Lego Gets With the PC Program

If you’re one of those people who was surprised to learn that the national anthem is inherently racist, then you were probably surprised to learn that the Lego Group—the parent company that makes Legos—has decided to pull all its advertising in London’s Daily Mail.

This may seem like small news, but it’s actually a big deal. The Daily Mail has been targeted by an activist group called Stop Funding Hate. The group says that its first precept—the very first thing it stands for—is “Freedom of speech and freedom of the press.” That said, the group’s mission is to call target companies and shame them into not advertising in three British newspapers: the Sun, the Daily Mail, and the Daily Express.

Fair enough, one supposes. Advertiser boycotts aren’t exactly the same as restricting freedom of the press. After all, this is how market forces and social change are supposed to work: People vote with their pocketbooks, and businesses adjust.

Except that’s not quite what’s going on with Legos and the Daily Mail.

For starters, what, you might ask, is the “hate” being perpetuated by the three targeted newspapers? All three are skeptical of the left’s open-borders immigration policy.

That’s it. That’s the “hate.”

Not that we should be surprised that the Lego Group was eager to be mau-maued. They’ve been invested in liberal virtue signaling for a long time.

In 2014, the company discontinued selling Lego sets with the Shell oil logo in them over opposition to Arctic drilling. This year they’re marketing a mini-fig of a stay-at-home hipster dad with a high-power corporate working wife. Like good Scandinavians, the Lego folks want you to know that they have all the right opinions.

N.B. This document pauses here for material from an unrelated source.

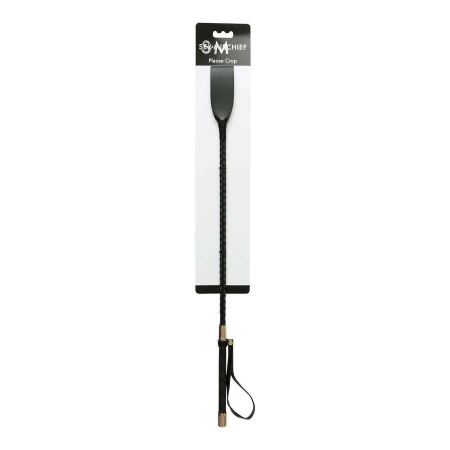 Sportsheets Sex and Mischief line Please Crop. Tease me with silver, Please me with gold. Beauty and bite. Perfect for your fantasy. You are not the only beauty that will shine. Its bite is created by the looped head. Reach for a sophisticated tool that has both beauty and bite.A vegan leather looped head creates a pleasing crack with every smack. The tightly webbed, hand wrapped shaft is springy and strong and leads the eye to the sturdy and elegant handle. A wrist loop makes it easy to stow at a moments notice, in case the action intensifies. The rose gold caps that adorn the handle add another luxurious dimension to this solid, sleek, and striking implement of impact. Product specifications: hand wrapped. Tight webbing on the shaft. Ribbon braided shaft. Faux braided handle. Its bite is created by the vegan leather looped head. Adorned with rose gold caps and black wrist loop. Easy to clean. 23.5 inches total crop length. Limited Lifetime Warranty, Sportsheets will replace any defective product. If the product is not available, Sportsheets will replace it with a similar product of similar function. Categories: Bondage, Fetish, Kink, Valentine’s Day Gifts, Whips, Paddles and Ticklers, Holiday Items. 2024.

Not that it’s ever enough. In 2013 they were attacked by activist groups for having a Star Wars model of Jabba the Hutt’s palace that was insensitive to Muslims. In 2014 they introduced a figure in a wheelchair—and were criticized because the figure in the wheelchair was an older man and not a young child, thereby reinforcing ageist stereotypes and denying disabled children a role model. The same year the company debuted a set featuring women as super-smart scientists. Professional feminists were not placated. Here’s one in the Guardian attacking the Lego Lady Scientist set:

While writing this, I had a look at the other new figures that make up series 11 of the Lego minifigures range. There are 16 in total. Male figures include a Constable, a Barbarian, a Mountain Climber (very heroic he is too) and an Island Warrior. Female figures … hmm. Lego, you are about to lose a lot of brownie points. Apart from our scientists, there is a “Lady Robot” (who exists mainly to party), a “Pretzel Girl”, a “Diner Waitress” (who will boss you about if you don’t agree with her recommendation of which burger is best for you), and “Grandma”. I am not making those up. Read them again. I cannot tell you how much I wish I was making them up. Denmark, where Lego is based, is famed for being better at gender equality than most other countries. Yet this year, it has produced a toy range that has traditional alpha male heroes and traditional helpless (and bossy) females. That is undoubtedly damaging to both young boys and young girls, and also to the future of society.

You cannot make this up.

In the end, what the Lego-Daily Mail story really tells us is that the left has learned a great lesson from the gay marriage movement. Same-sex marriage activists won the day by convincing people that opposition to a drastic, un-democratic change in public policy was simple “hate.” The transgender project took this line and ran with it so that now opposing the redefinition of gender so that men can use women’s locker rooms and boys can compete on girls’ sports teams has been branded as “hate,” too. And now the group in England is trying to hang the same tag on any opposition to unfettered immigration. We cannot be far from the moment when favoring an increase in the Federal Reserve’s interest rate will also be said to be rooted in “hate” if the professional left opposes it.

At the end of the day, groups such as Stop Funding Hate aren’t actually trying to use market forces to create social change. They’re using intimidation to bully businesses in the hopes that eventually the public will get the message, too. And by branding policy disagreement as hatred, they’re destroying the civility that is the lubricant of all healthy civil societies.

And however well meaning its gesture, the Lego Group is contributing to this breakdown of civility. Shame on them.